Ugh – mercy is vindication and revenge’s ultimate foe! There’s nothing like leaving a penny tip or hanging up the phone on the telemarketer without a word to make you feel some instant gratification – or so you think at the time – but what the situation actually calls for is mercy.
Mercy is not an equal and opposite reaction. Mercy is giving someone what they don’t deserve – or, in keeping with the physics analogy, mercy is redirecting the bad trajectory of angry or humiliated feeling into a positive trajectory. Now, imagine, when a heavy projectile is in flight at a high speed, what happens when you try to alter its course? It’s not easy to control, to ‘pull up’ when you are being dragged down. When you are hurt, you want to reach out and hurt back or reach in and hold onto that hurt. Mercy takes the hurt and sets it aside instead of giving it away. Mercy fills the void with blessing instead of cursing. Mercy redirects the course of thought, feeling, and action from a downward pattern to an upward pattern.
It’s hard to be kind to someone when we feel humiliated by them, isn’t it? Hard to love someone who couldn’t care less about us. And yet, mercy is the example our Heavenly Father has set for us. Mercy is mentioned a ton of times in Scripture, one place being Psalm 31. In verses 21 and 22, the Psalm reads,
21 Praise be to the Lord, for he showed me the wonders of his love when I was in a city under siege. 22 In my alarm I said, “I am cut off from your sight!” Yet you heard my cry for mercy when I called to you for help.
God took what seemed to be the inevitable and made a new course of action. The Psalmist was under threat of siege and yet was saved by God’s hand, by Him stepping in and bringing blessing where there had been alarm.
This is what we are called to do. When faced with bad situations, we are to reach for God’s hand and live life giving mercy to others. Whatever weight and speed the trajectory of your initial response is, God can definitely change your course! There is a saying by John Watson that goes like this: “Be pitiful, for every man is fighting a hard battle”, where “pitiful” probably means: “Full of or characterized by pity; compassionate, merciful, tender” as defined by the Oxford English Dictionary. While this could be interpreted to mean that we should use giving folks the benefit of the doubt as a reason for mercy, it can also be interpreted to mean that every person struggles in life, every person has problems, all are caught in a war between right and wrong, Truth and evil. Sometimes, we make good decisions, sometimes not so good decisions, but be “pitiful” to all, that we may emulate our Lord by showing mercy.

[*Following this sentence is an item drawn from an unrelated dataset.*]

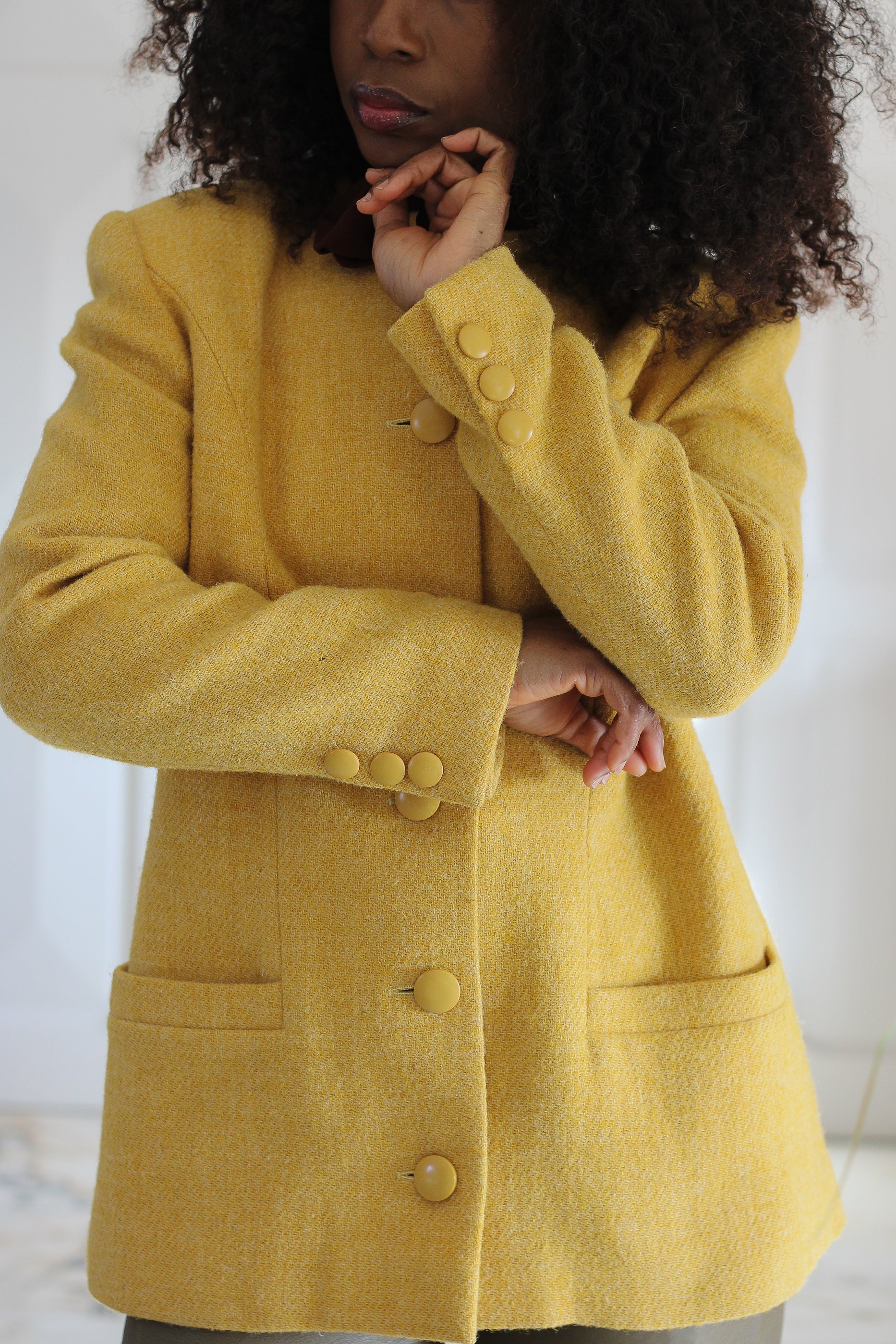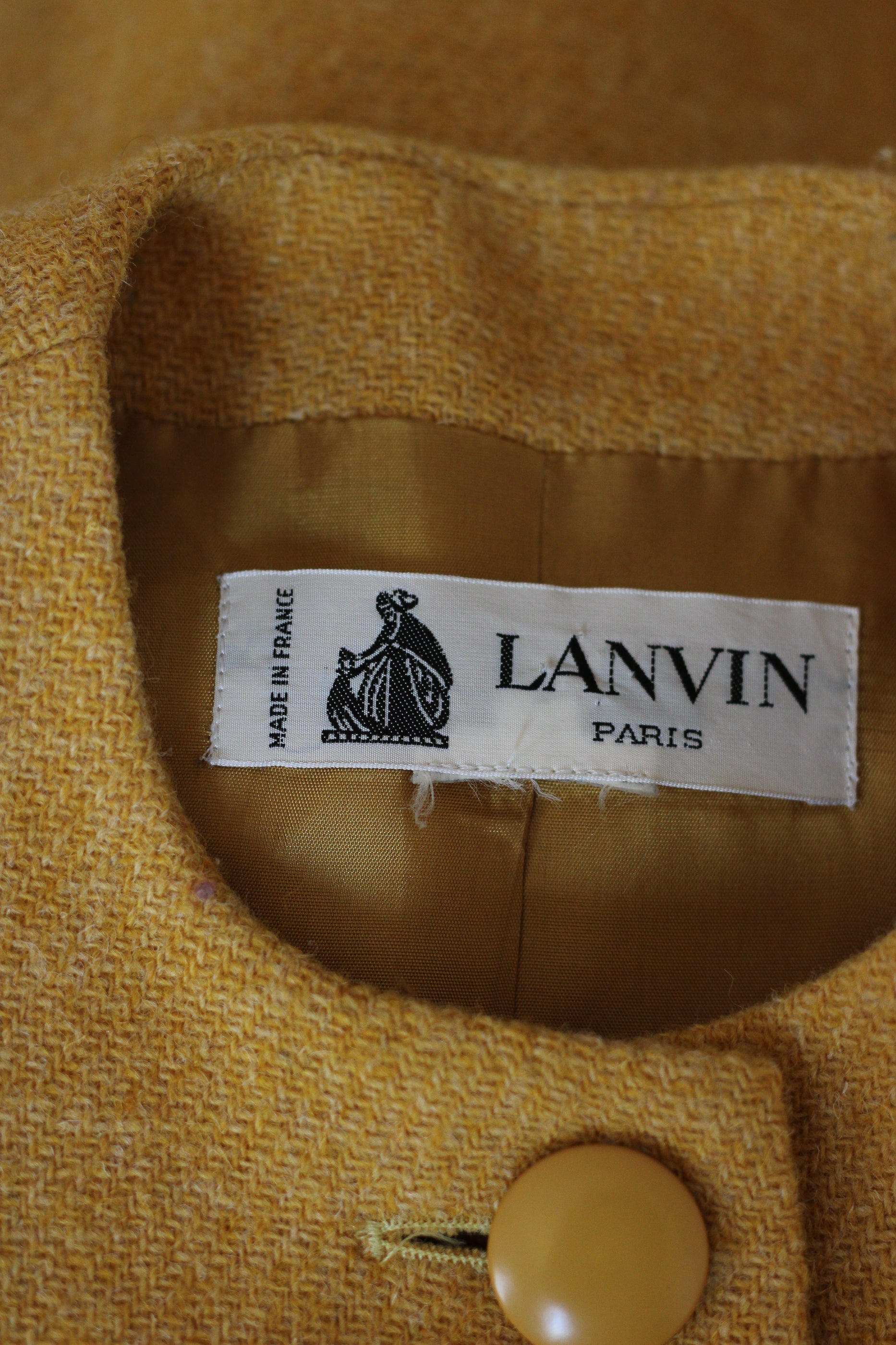 Veste vintage signée Lanvin Paris, confectionnée en France, datée fin des années 70, dans un élégant lainage jaune moutarde à la texture subtilement chinée. Coupe droite et structurée, rehaussée de boutons recouverts ton sur ton sur le devant ainsi qu’aux poignets, et poches plaquées pour une finition couture. Une pièce au style affirmé et intemporel, parfaite pour illuminer un dressing contemporain avec caractère et élégance

Mercy is not the end game, though. Once you are able to grant mercy to someone, the door is opened to do much greater things! Perhaps people will recognize mercy is being granted and see something special in you that they want to have. Maybe they will trust you enough to confide in you whatever might be their problem. Mercy is just a starting point! What will we miss if we cannot achieve this first step?
I close with the following from Psalm 79, verses 8 and 9:
8 Do not hold against us the sins of past generations;
may your mercy come quickly to meet us,
for we are in desperate need.
9 Help us, God our Savior,
for the glory of your name;
deliver us and forgive our sins
for your name’s sake.
May we seek the mercy of our Father and be merciful to others for His name’s sake. Amen.